(Beginning of Source data)

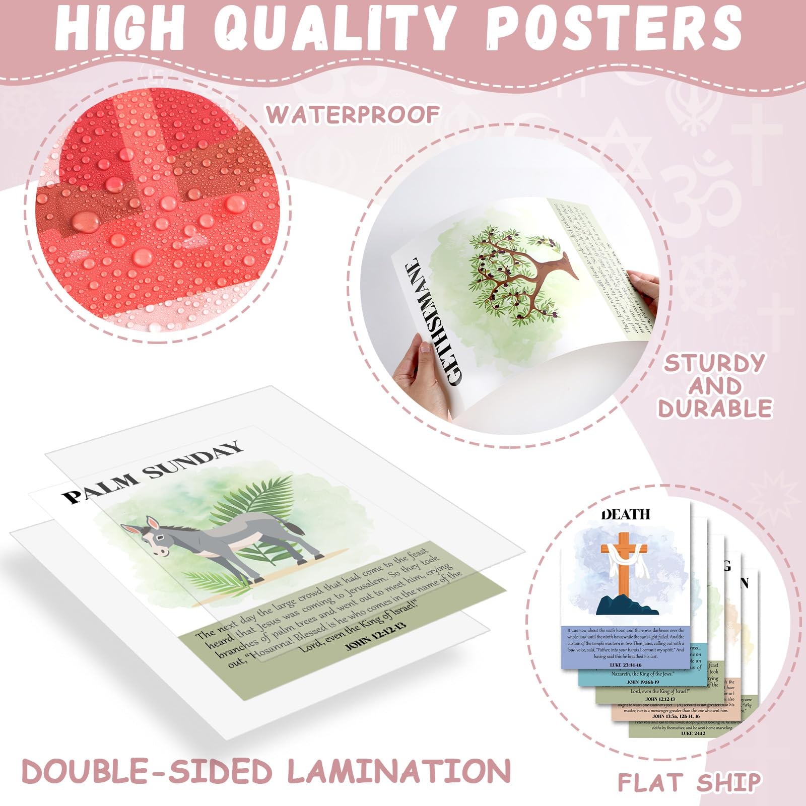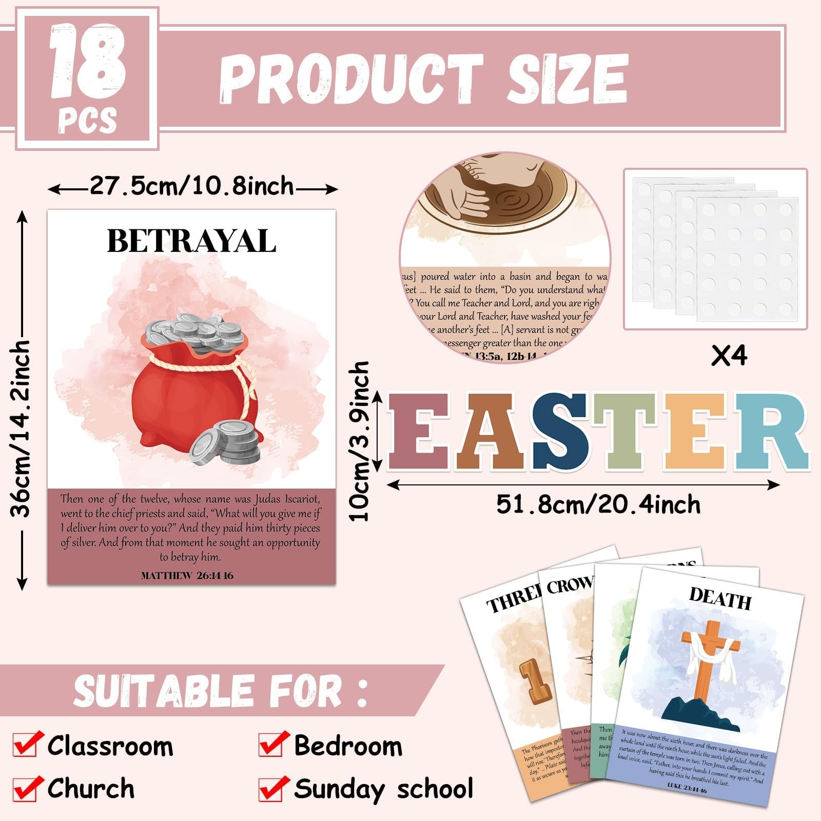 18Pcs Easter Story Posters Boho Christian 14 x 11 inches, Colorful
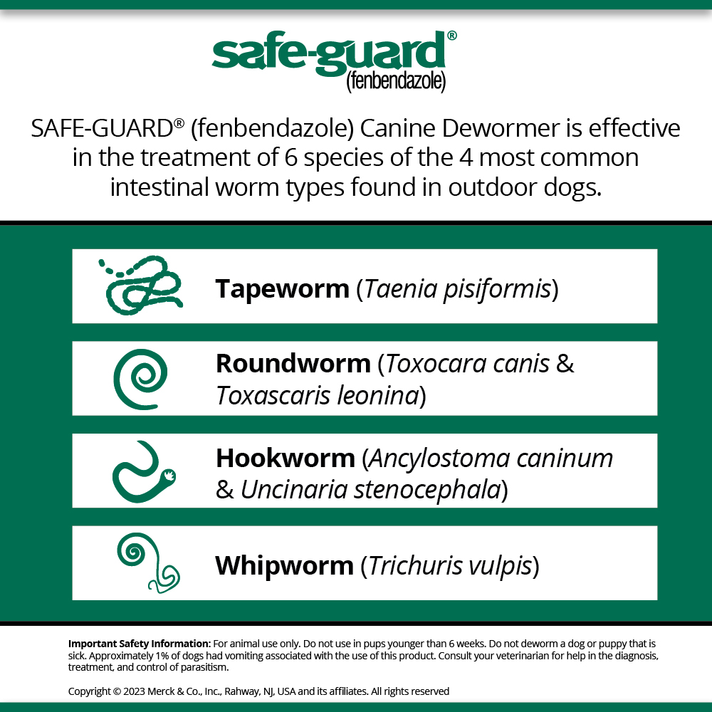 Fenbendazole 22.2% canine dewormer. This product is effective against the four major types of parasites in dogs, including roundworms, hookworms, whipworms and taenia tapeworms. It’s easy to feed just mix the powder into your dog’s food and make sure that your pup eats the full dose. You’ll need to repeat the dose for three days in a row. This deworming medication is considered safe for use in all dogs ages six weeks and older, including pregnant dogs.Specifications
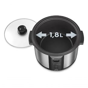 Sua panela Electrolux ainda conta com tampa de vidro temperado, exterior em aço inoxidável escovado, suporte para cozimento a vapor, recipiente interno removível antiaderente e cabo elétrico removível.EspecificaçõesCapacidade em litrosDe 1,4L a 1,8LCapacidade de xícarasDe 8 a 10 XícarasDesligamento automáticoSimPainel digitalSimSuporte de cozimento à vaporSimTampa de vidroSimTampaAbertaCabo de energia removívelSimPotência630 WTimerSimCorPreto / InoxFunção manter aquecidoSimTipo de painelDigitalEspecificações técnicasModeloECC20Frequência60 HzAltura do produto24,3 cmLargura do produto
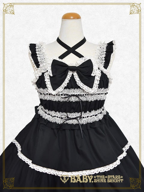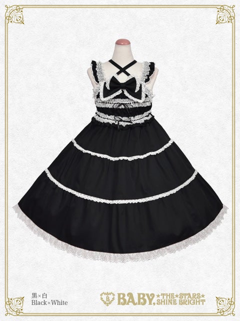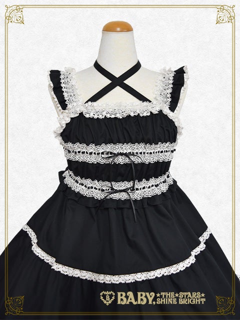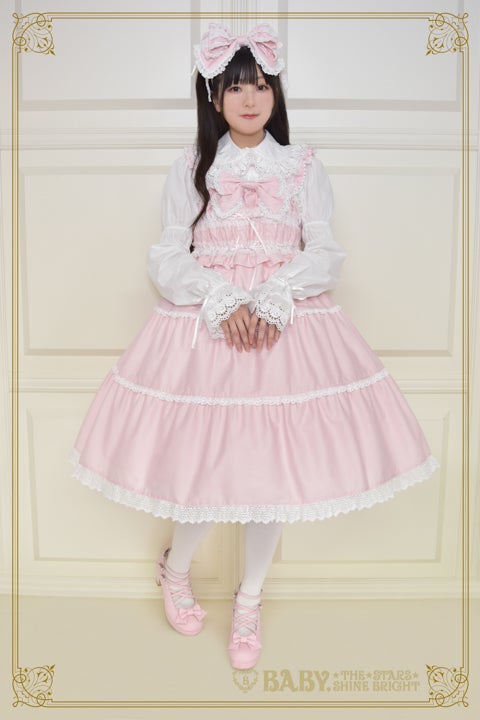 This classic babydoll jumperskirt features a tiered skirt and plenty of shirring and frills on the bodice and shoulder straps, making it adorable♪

(End of Source data)

Task statement: Give back the full listing verbatim, skipping each picture.

Output:
 18Pcs Easter Story Posters Boho Christian 14 x 11 inches, Colorful
 Fenbendazole 22.2% canine dewormer. This product is effective against the four major types of parasites in dogs, including roundworms, hookworms, whipworms and taenia tapeworms. It’s easy to feed just mix the powder into your dog’s food and make sure that your pup eats the full dose. You’ll need to repeat the dose for three days in a row. This deworming medication is considered safe for use in all dogs ages six weeks and older, including pregnant dogs.Specifications
 Sua panela Electrolux ainda conta com tampa de vidro temperado, exterior em aço inoxidável escovado, suporte para cozimento a vapor, recipiente interno removível antiaderente e cabo elétrico removível.EspecificaçõesCapacidade em litrosDe 1,4L a 1,8LCapacidade de xícarasDe 8 a 10 XícarasDesligamento automáticoSimPainel digitalSimSuporte de cozimento à vaporSimTampa de vidroSimTampaAbertaCabo de energia removívelSimPotência630 WTimerSimCorPreto / InoxFunção manter aquecidoSimTipo de painelDigitalEspecificações técnicasModeloECC20Frequência60 HzAltura do produto24,3 cmLargura do produto
 This classic babydoll jumperskirt features a tiered skirt and plenty of shirring and frills on the bodice and shoulder straps, making it adorable♪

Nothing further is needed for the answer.